Answer
See the detailed answer below.
Work Step by Step
$$\color{blue}{\bf [a]}$$
In general, we can assume that the attractive force between $+Q$ and $-q$ is greater than the repulsive force between $+Q$ and $+q$ since $-q$ is closer to $+Q$ than $+q$.
This means that there is a net force toward the charge $Q$.
Thus, the net force exerted on the dipole by $+Q$ in this case is toward the right.
$$\sum F_x=F_{Q\rightarrow(-q)}-F_{Q\rightarrow(+q)}$$
$$\sum F_x=\dfrac{kQq}{\left( r-\dfrac{s}{2} \right)^2}-\dfrac{kQq}{\left( r+\dfrac{s}{2} \right)^2}$$
Note that we ignored the charges' signs since we focused on the forces' directions.
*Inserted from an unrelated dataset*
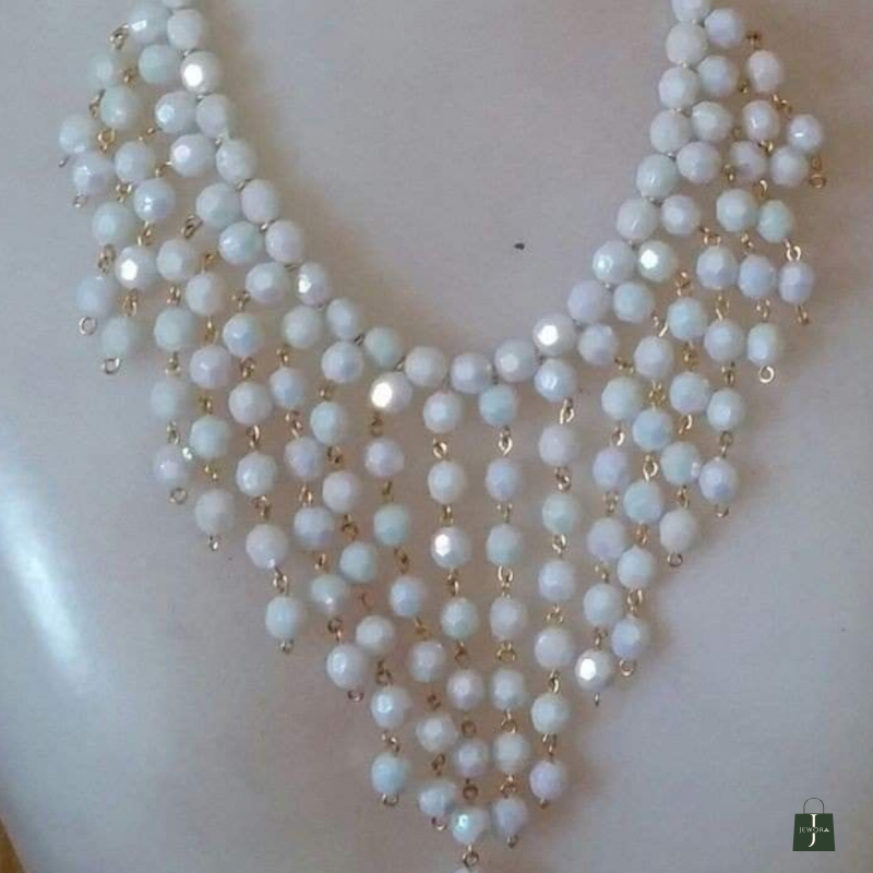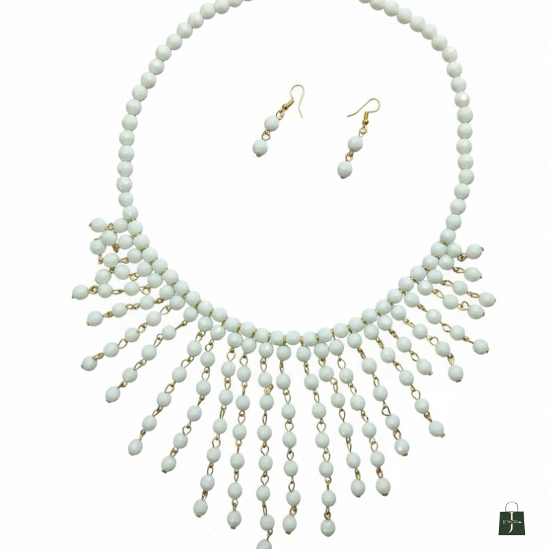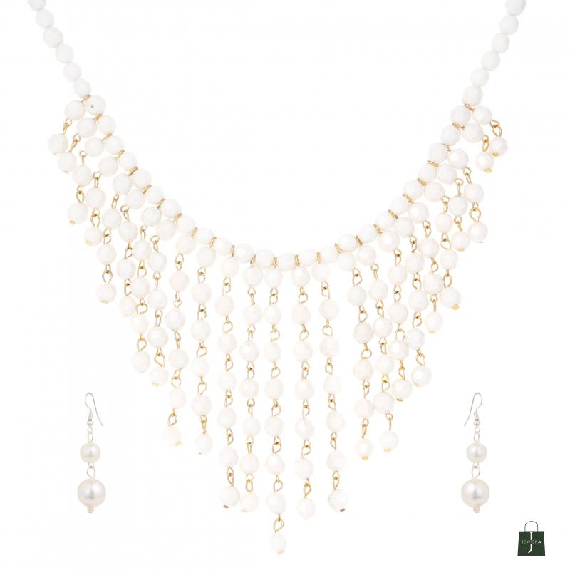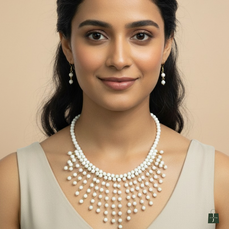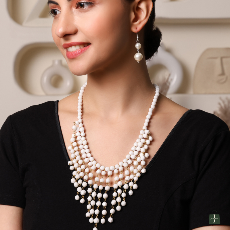 The Ivory Pearl Cascade Necklace Set is a stunning statement piece designed to add timeless elegance to any outfit. Crafted with high-quality synthetic ivory pearls, this necklace features a beautiful layered waterfall design that gracefully drapes along the neckline, creating a rich and luxurious look. The faceted pearl beads reflect light softly, giving a subtle glow and premium finish.
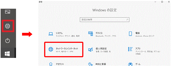 〔設定〕→〔ネットワークとインターネット〕をクリックします。

$$\boxed{\sum F =kQq\left(\dfrac{1}{\left( r-\dfrac{s}{2} \right)^2}-\dfrac{1}{\left( r+\dfrac{s}{2} \right)^2}\right)\hat i}$$
$$\color{blue}{\bf [b]}$$
As we explained above, this net force is toward the charge $+Q$.
$$\color{blue}{\bf [c]}$$
Using the binomial approximation for $\left( r-\dfrac{s}{2}\right)^{-2}$ and $\left( r-\dfrac{s}{2}\right)^{-2}$ since $r\gt\gt s $.
$$\left( r-\dfrac{s}{2}\right)^{-2}=r^{-2} \left( 1-\dfrac{s}{2r}\right)^{-2} \approx r^{-2}\left(1+ \dfrac{2s}{2r} \right)\\
=\boxed{r^{-2}\left(1+ \dfrac{s}{r} \right)}$$
By the same approach,
$$\left( r+\dfrac{s}{2}\right)^{-2}=r^{-2} \left( 1+\dfrac{s}{2r}\right)^{-2} \approx r^{-2}\left(1- \dfrac{2s}{2r} \right) \\
=\boxed{r^{-2}\left(1- \dfrac{s}{r} \right)}\hat i$$
Plug these two boxed results into the boxed formula above,
$$ \sum F =\dfrac{kQq}{r^2}\left( 1+\dfrac{s}{r}-\left[ 1- \dfrac{s}{r} \right]\right) \hat i$$
$$ \sum F =\dfrac{kQq}{r^2}\left( 1+\dfrac{s}{r}- 1+ \dfrac{s}{r} \right) \hat i=\dfrac{kQq}{r^2}\left( \dfrac{2s}{r} \right) \hat i$$
$$\boxed{ \sum F =\dfrac{2kQqs}{r^3}\;\hat i}$$
$$\color{blue}{\bf [d]}$$
Coulomb’s law says that the electric force depends on the inverse square of the distance when we are dealing with the force between two point charges. Here we are dealing with force between a dipole.